Oregon’s new offset protocols would need to spell out exactly how these methods would work, to the letter. If one landowner in a pool wants out midway through the project, the whole thing could collapse like a Jenga tower. Satellite imagery can suffice for some monitoring, but at other times, inspectors need to set foot on the property.

Another issue is how Oregon’s carbon market would link to those in other states, particularly California. Oregon has an opportunity to develop its own rules with considerations unique to its landowners. But for Oregon landowners to sell carbon offsets to California, they need to meet that state’s standards.

Kittler says that in his workgroup with the Carbon Policy Office, the conversation is beginning to shift from incentives to offsets.
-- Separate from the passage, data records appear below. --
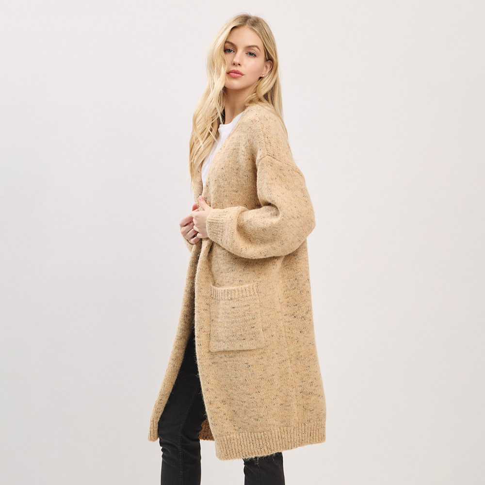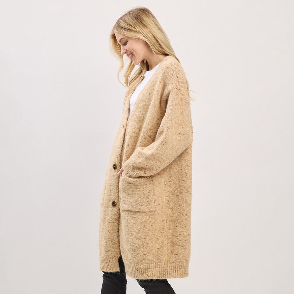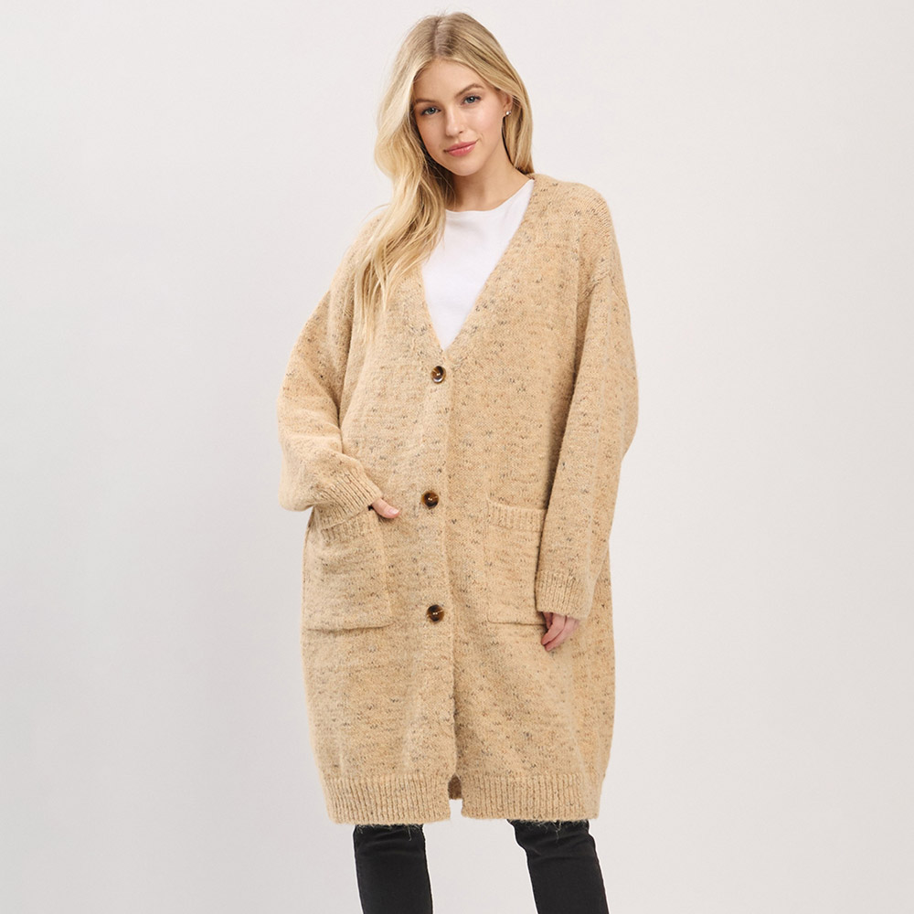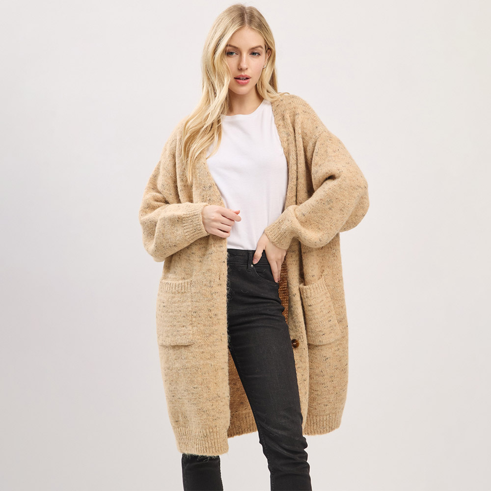 Details • Size : 22" X 38" • Material : 92% Polyester, 8% Wool • Stay cozy in this long knit cardigan featuring a button-front design, roomy front pockets, and a relaxed fit. Perfect for layering over casual outfits during chilly days or lounging in effortless comfort.
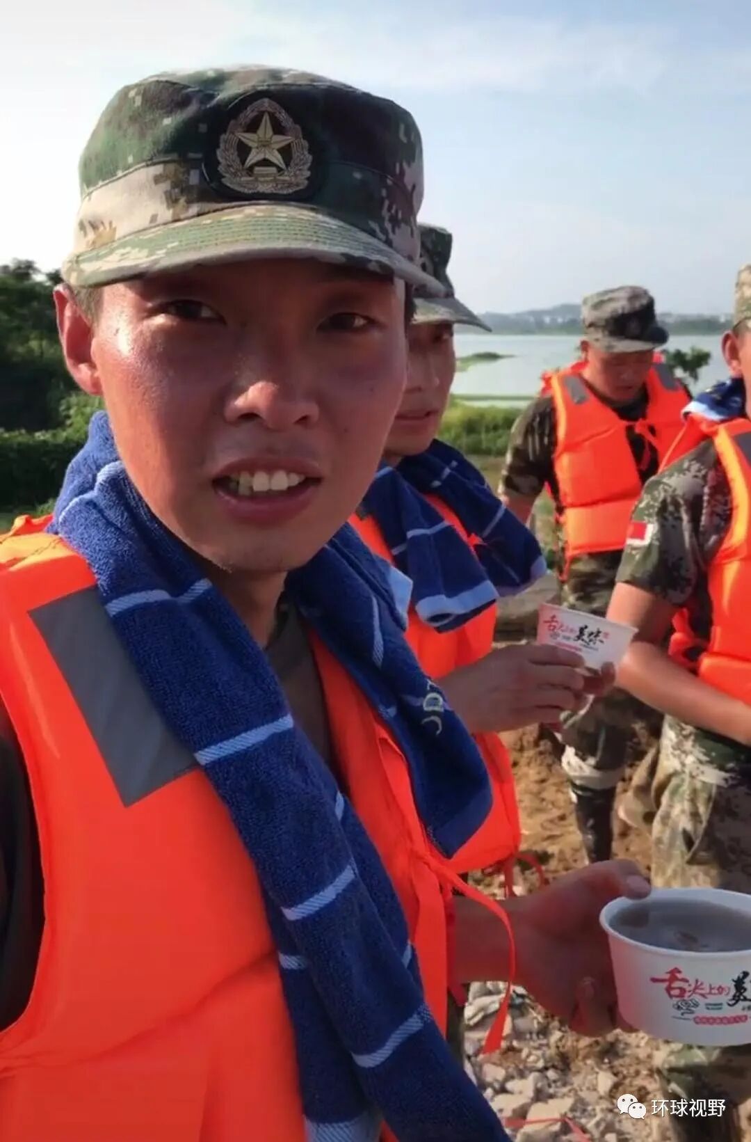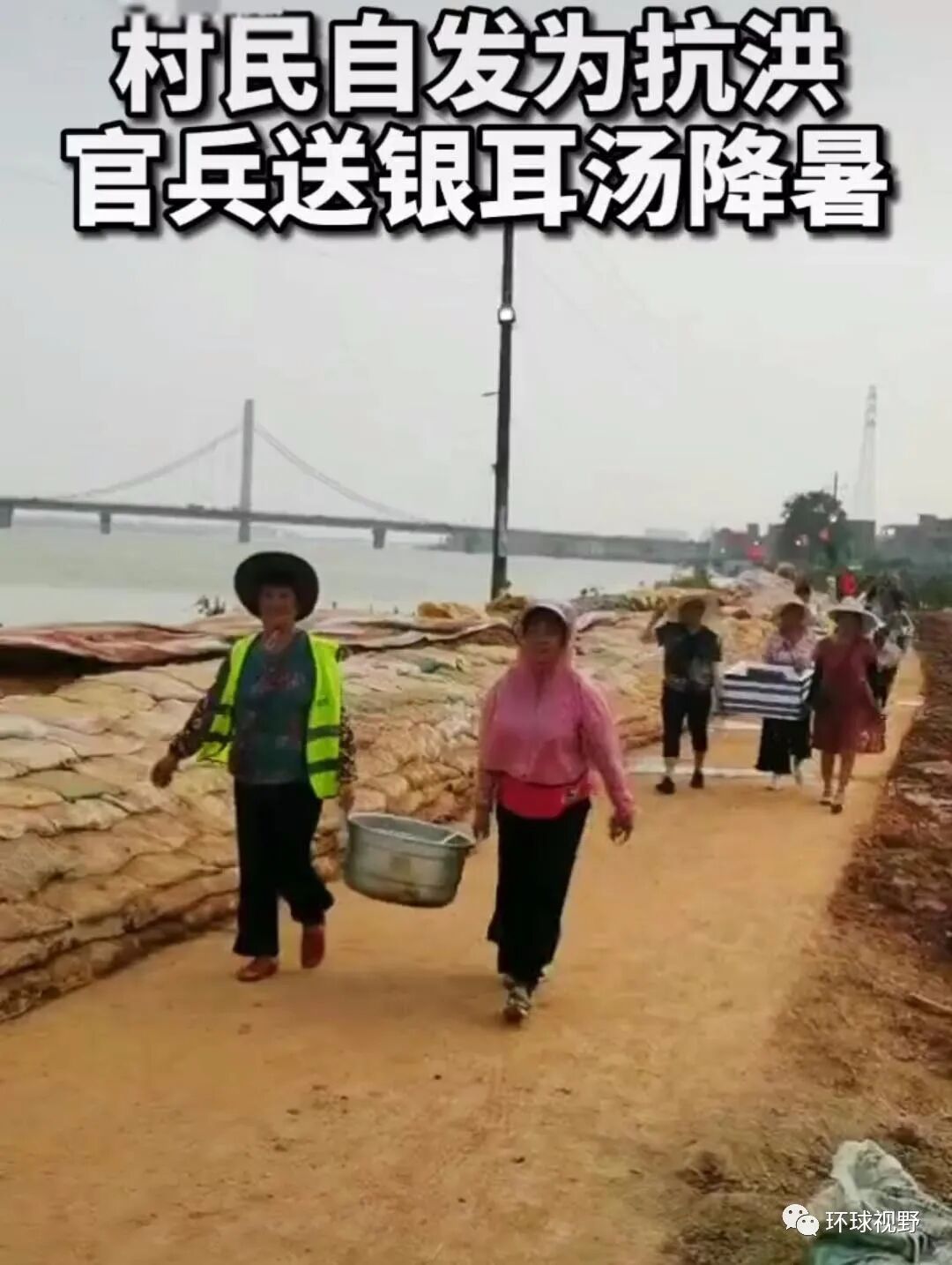 7月15日,江西鄱阳抗洪现场,大叔大娘们给战士送去银耳汤降暑,还有包子等食物。
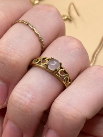 🦢 Prsten je vyroben z mosazi se vsazeným růženínem.
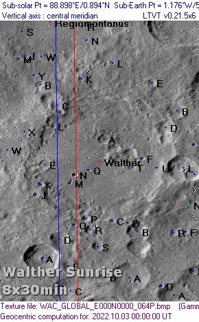 Description of Walter taken from the Virtual Moon Atlas website: It was formed during the Nectarian geological period (from 3.92 to 3.85 billion years ago). A circular formation with steep slopes supporting many craters with Nonius to the southeast, Walter C to the northwest, and Walter D & Nonius L to the east. It has very high walls with terraces, immense flat floor that contains Walter E to the west and a group of craters with Walter A to the northeast. Craterlets and lines of crests line the floor.
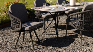 Die Tischplatte aus grauem gesintertem Stein (Sintered Stone) bietet nicht nur eine edle Optik, sondern überzeugt durch extreme Belastbarkeit. Kratzfest, stoßfest, UV- und farbbeständig sowie wetterfest – das Material ist wie gemacht für den dauerhaften Einsatz im Freien. Damit eignet sich der Gartentisch ideal für wechselnde Wetterbedingungen und intensive Nutzung.
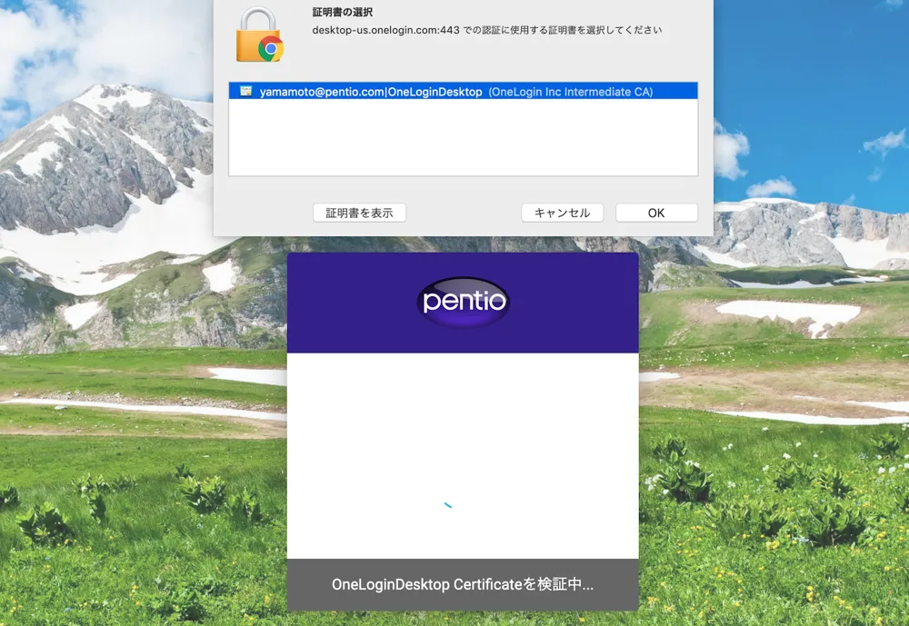 OneLogin Desktopの証明書を使用したログイン

A committee will likely present general recommendations for offset protocols in advance of the legislative session, and more specific rulemaking would be hashed out if the bill passes.  

A spokeswoman for the Oregon Forest & Industries Council says its members, manufacturers and landowners, remain divided over offsets. They can’t know for certain whether the offset protocols would benefit them, or if a cap and trade bill would harm their supply chain or jeapordize manufacturing jobs, until legislators present a bill for the 2019 session. 

Though well-designed offset rules would create new opportunities for forest landowners, not everyone would benefit, and not right away. Kittler says forestry offsets make sense for a “very select segment” of landowners, namely those with old growth or mature second growth forests.

Timber still fetches a much higher price than carbon, meaning the traditional emphasis on harvesting will continue.

“Timber’s way up so people are cutting,” Kittler says. “Carbon’s way down so not many people are looking at it. Financially I can’t necessarily see this being a huge impact for landowners right away.”


“We’re starting to have a conversation around offsets and what protocol we want to have,” Kittler says. “But we haven’t tackled a lot of sticky issues.”


Gastellum says offsets can’t substitute for pollution mitigation. The number of offsets allowed should be regulated, she says, because “we can’t offset our way out of this system.”

Yet for all their limitations, forestry offsets could form a key piece of the carbon reduction puzzle. It gives forest landowners, who already have little to lose from carbon legislation, something to gain.   

“They’ve been a pretty prominent thing to discuss,” Zareski says. “Oregon’s got a long forestry history. When you look at California, forest carbon offsets have proven to be the most effective type of offset.”